Петр Первый — страница 6 из 149

— Бунтуете, православные? Кто вас обидел, за что? Говорите, говорите, мы о людях день и ночь душой болеем… А то царь увидел вас сверху, испужался по малолетству, нас послал разузнать…

Люди, разинув рты, глядели на его парчовую шубу, — пол-Москвы можно купить за такую шубу, — глядели на самоцветные перстни на его руке, что похлопывала коня, — огонь брызгал от перстней. Люди пятились, ничего не отвечали. Усмехаясь, Василий Васильевич подъехал и стал стремя о стремя с Хованским.

— Отдайте нам в руки полковников, мы сами их рассудим, вниз головой с колокольни, — кричали ему стрельцы. — О чем бояре наверху думают?
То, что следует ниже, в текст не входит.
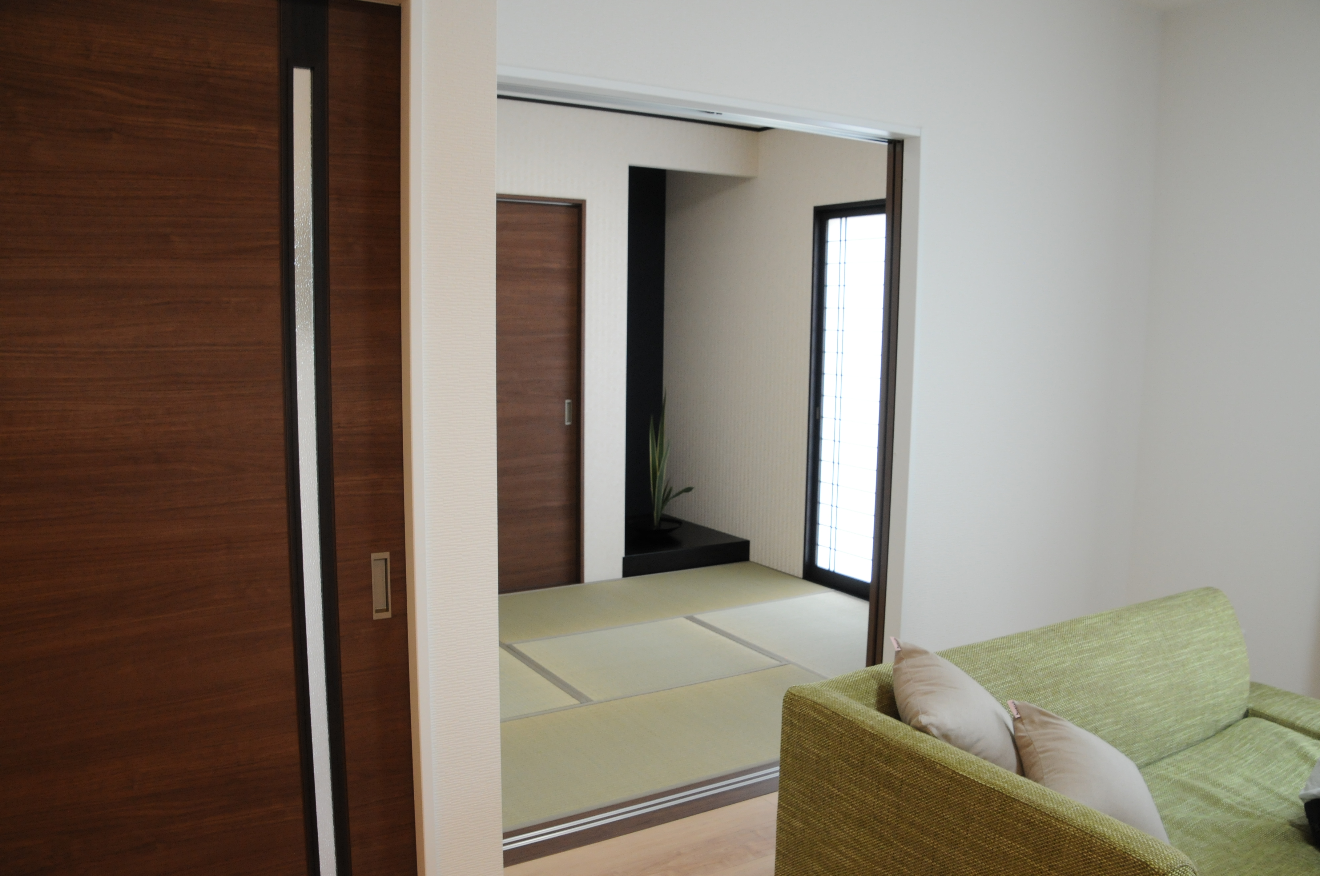 来客時には重宝する和室もLDKに隣接。扉で部屋を仕切れるようにする事によって、和室単独としても使えるし、ホームパーティーの際にはプラスワンリンビングとしても空間を広く使えるようにしました。

Зачем нам мальчишку царем навязали, нарышкинского ублюдка?

Хованский утюжил краем рукавицы полуседые усы. Поднял руку. Все стихли…

— Стрельцы! — Он привстал в седле, от натуги побагровел, горловой голос его услышали самые дальние. — Стрельцы! Теперь сами видите, в каком вы у бояр несносном ярме… Теперь выбрали бог знает какого царя. Не я его кричал… И увидите: не только денег, а и корму вам не дадут… И работать будете как холопы… И дети ваши пойдут в вечную неволю к Нарышкиным… Хуже того… Продадут и вас и нас всех чужеземцам… Москву сгубят и веру православную искоренят… Эх, была русская сила, да где она!

Тут весь народ так страшно закричал, что Алешка испугался: «Ну, затопчут совсем…» Алексашка Меньшиков, прыгая по саням, свистал в два пальца. И разобрать можно было только, как Тараруй, надсаживаясь, крикнул:

— Стрельцы! Айда за реку в полки, там будем говорить…

12

На площади остались только распряженные сани да Алешка с Алексашкой. Избитый посадский приподнялся, поглядел кругом припухлыми щелками и долго отсмаркивался.

— Дяденька, — сказал ему Алексашка, подмигнув Алешке, — мы тебя до дому доведем, нам тебя жалко.

Посадский был еще не в своем уме. Мальчики повели его, он бормотал, спотыкался. Вдруг: «Стой!» — отталкивал мальчишек и кому-то грозился, топал разбухшим валенком. Шли за реку, к Серпуховским воротам. По дороге узнали, как его зовут: Федька Заяц. Двор у него на посаде был небольшой, на огороде — одно дерево с грачиными гнездами, но ворота и изба — новые. «Вот они, пирожки, калачики, — обрадовался Заяц, когда увидел свой двор, — вот они медовые, голубчики, выручают меня».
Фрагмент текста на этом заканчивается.